--- What you are asked to do ---
Retype every line from the top of the entries down to the one with "Kurz hinter dem", both included, and skip the pictures.
[Source material — start]
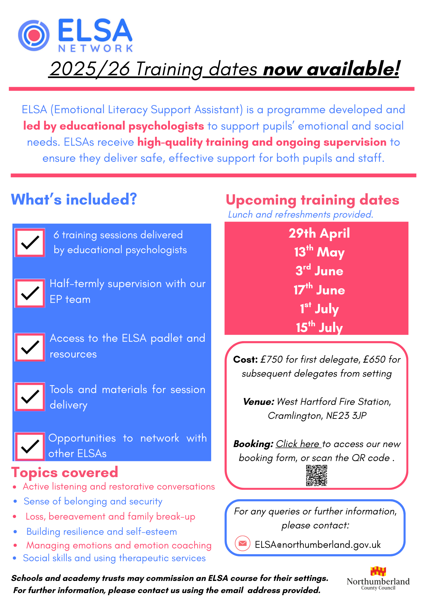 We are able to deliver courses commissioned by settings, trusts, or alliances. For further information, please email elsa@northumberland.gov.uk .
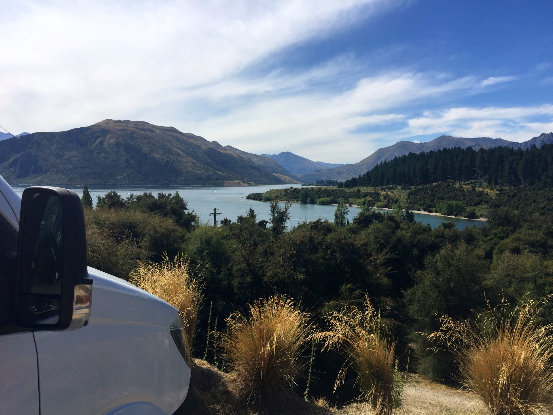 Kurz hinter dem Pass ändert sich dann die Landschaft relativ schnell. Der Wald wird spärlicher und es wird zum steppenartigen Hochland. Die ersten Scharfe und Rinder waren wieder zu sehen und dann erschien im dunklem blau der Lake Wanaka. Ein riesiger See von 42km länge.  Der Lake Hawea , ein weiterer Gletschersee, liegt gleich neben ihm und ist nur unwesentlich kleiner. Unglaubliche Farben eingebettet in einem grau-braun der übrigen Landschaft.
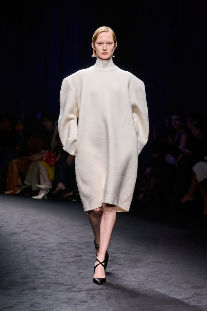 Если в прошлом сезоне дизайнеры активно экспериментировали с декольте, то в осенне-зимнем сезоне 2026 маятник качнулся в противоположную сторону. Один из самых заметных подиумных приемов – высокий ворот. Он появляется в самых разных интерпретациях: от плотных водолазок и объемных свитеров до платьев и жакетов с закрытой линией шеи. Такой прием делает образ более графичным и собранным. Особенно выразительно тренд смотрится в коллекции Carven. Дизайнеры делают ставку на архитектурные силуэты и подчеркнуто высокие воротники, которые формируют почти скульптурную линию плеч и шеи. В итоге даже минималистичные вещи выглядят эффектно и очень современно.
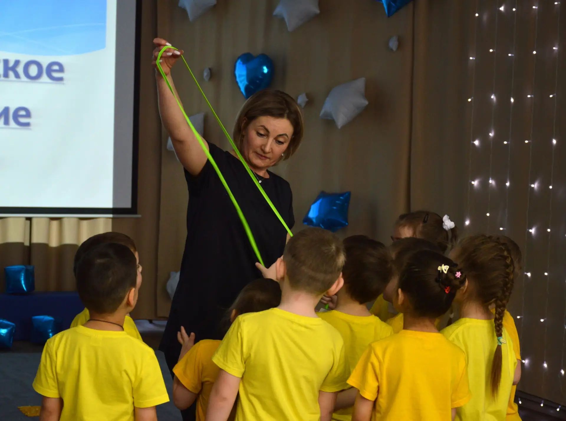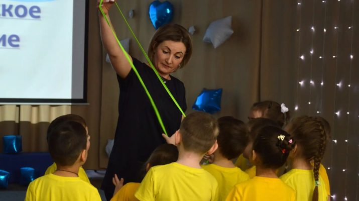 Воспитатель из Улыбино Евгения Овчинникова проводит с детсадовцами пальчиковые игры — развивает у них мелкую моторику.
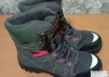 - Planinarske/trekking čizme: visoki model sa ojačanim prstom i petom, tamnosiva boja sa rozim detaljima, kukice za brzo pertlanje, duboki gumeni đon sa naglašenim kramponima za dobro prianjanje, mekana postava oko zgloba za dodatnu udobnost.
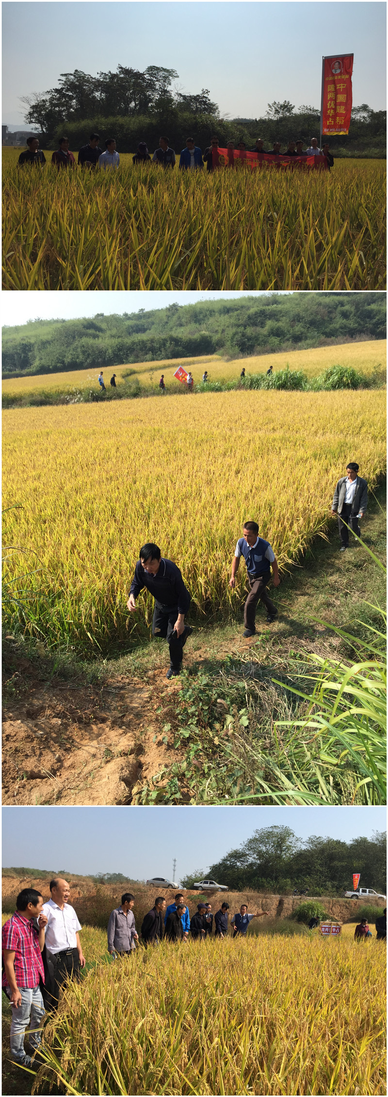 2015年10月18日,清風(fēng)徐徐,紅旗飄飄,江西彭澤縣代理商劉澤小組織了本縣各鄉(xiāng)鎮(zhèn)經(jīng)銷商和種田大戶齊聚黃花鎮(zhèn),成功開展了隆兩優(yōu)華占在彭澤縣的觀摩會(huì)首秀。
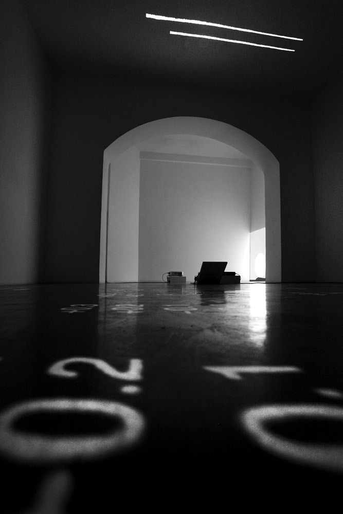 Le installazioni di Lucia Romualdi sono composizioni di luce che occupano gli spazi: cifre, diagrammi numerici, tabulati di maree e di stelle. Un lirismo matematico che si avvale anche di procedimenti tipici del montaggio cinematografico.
[Source material — finish]
--- Response box ---
 We are able to deliver courses commissioned by settings, trusts, or alliances. For further information, please email elsa@northumberland.gov.uk .
 Kurz hinter dem Pass ändert sich dann die Landschaft relativ schnell. Der Wald wird spärlicher und es wird zum steppenartigen Hochland. Die ersten Scharfe und Rinder waren wieder zu sehen und dann erschien im dunklem blau der Lake Wanaka. Ein riesiger See von 42km länge.  Der Lake Hawea , ein weiterer Gletschersee, liegt gleich neben ihm und ist nur unwesentlich kleiner. Unglaubliche Farben eingebettet in einem grau-braun der übrigen Landschaft.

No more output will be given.